Renders a focused, portable Cytoscape sub-graph of the typed code-map, the same view that runs live on the website. By default it also writes a code-browser.html and a timeline.html beside it with a working header nav; pass --graph-only for just the single self-contained graph file.

Chat

seonix chat [--repo /abs/path]

seonix chat opens an interactive natural-language client over the code graph. The conversation engine is tmct (@polycode-projects/the-mechanical-code-talker), a deterministic, no-LLM chatbot that seonix runs over its own graph through tmct's provider seam. Every answer is grounded in the graph or an honest miss. With no --repo the target defaults to the git root, so running it from a nested package dir still covers the whole repo.
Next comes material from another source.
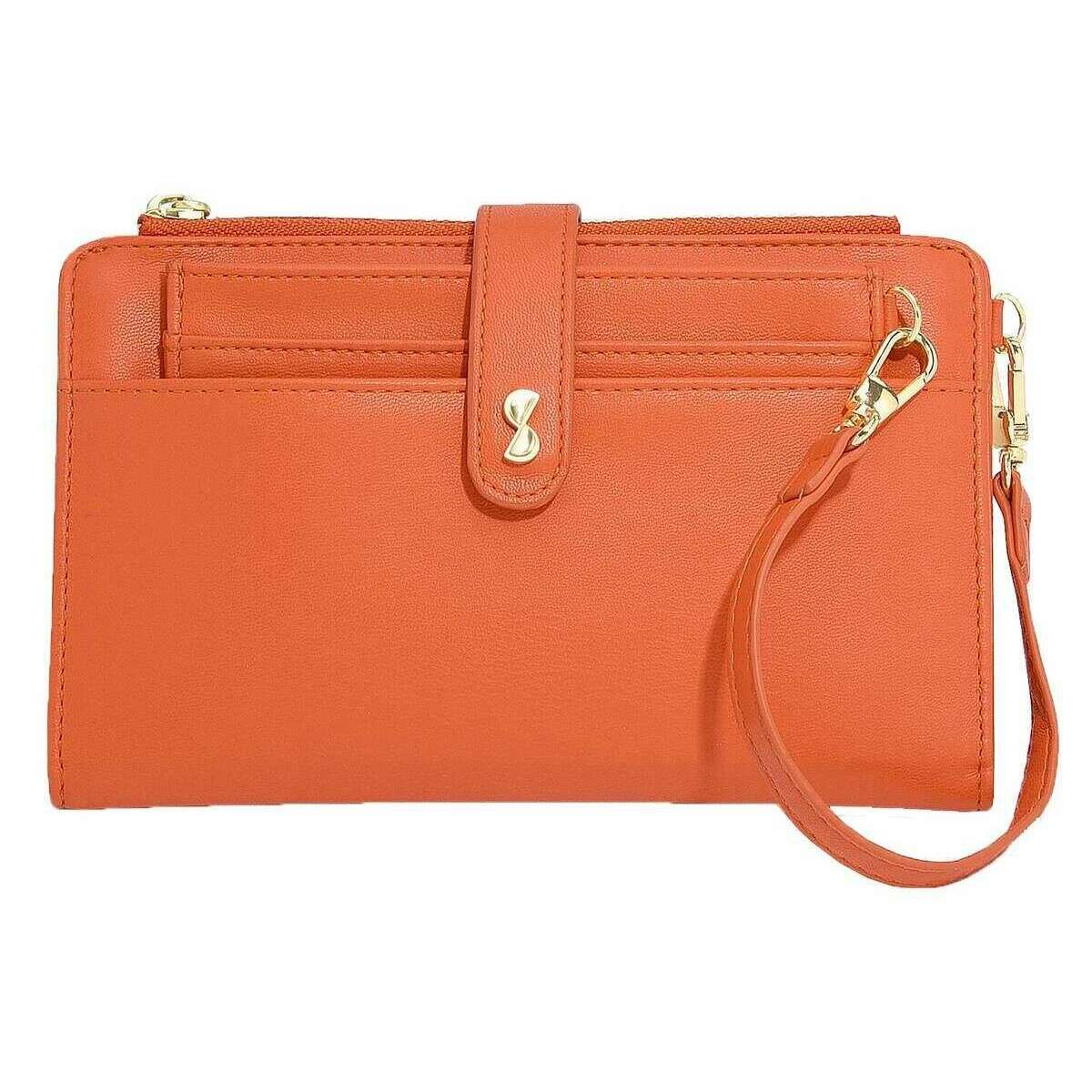 Wykonana ze sztucznej skóry pomarańczowa duża torebka damska autorstwa projektanta Stackers. Wymiary: 12,5 cm (wysokość) x 19,5 cm (szerokość) x 3 cm (głębokość). Wszystkie torebki są dostarczane w komplecie z opakowaniami typu stacker. Duża torebka Stackers – pomarańczowa to must have w podróży! Ta klasyczna i modna pomarańczowa torebka ma wiele kieszeni na pieniądze i karty, wyjmowaną portmonetkę na karty i lusterko kosmetyczne. W komplecie odpinany pasek na nadgarstek i zewnętrzna kieszeń na telefon. Idealne na każde wyjście!

Ask structural questions in plain English — "which modules import walk.mjs", "where is buildContextBundle defined", "when did walk.mjs change" — and route slash-commands (/context, /impact, /callers, /arch, …) to the graph tools. On top of the query layer, tmct adds conversational memory, provenance and trust scoring, teach-and-recall, and multi-strategy interpretation. See the tmct docs for the full command set.

seonix supplies the graph; tmct owns the conversation. The old opt-in --with-claude/--with-copilot fallback is gone — tmct is no-LLM by contract.

Languages

Python (stdlib ast), JS/TS (the TypeScript compiler API, including CommonJS require/module.exports), C# (Roslyn, with a tree-sitter fallback) and Java (JavaParser, with a tree-sitter fallback), all merged into the one typed graph. The C# Roslyn helper's source ships in the package under roslyn/. If the .NET SDK is on your PATH, seonix builds it the first time it indexes a C# repo, one build, cached after that. No dotnet on PATH just means it uses the tree-sitter fallback, silently, no error. Run npm run build:roslyn yourself first if you want the dll ready ahead of time, e.g. in a Docker image build. The Java JavaParser helper is a jar built from the repository's java/ directory (mvn package) and is not included in the npm package, so a package install indexes Java with the tree-sitter fallback.

Licence & safety

AGPL-3.0-only. The network clause is intended for a hosted MCP tool, so that hosted derivatives stay open. The seonix: ontology vocabulary is CC-BY-4.0 (NOTICE credits SEON + FAMIX). SEONIX never writes to your global agent config and never phones home; everything it writes lives under .seonix/.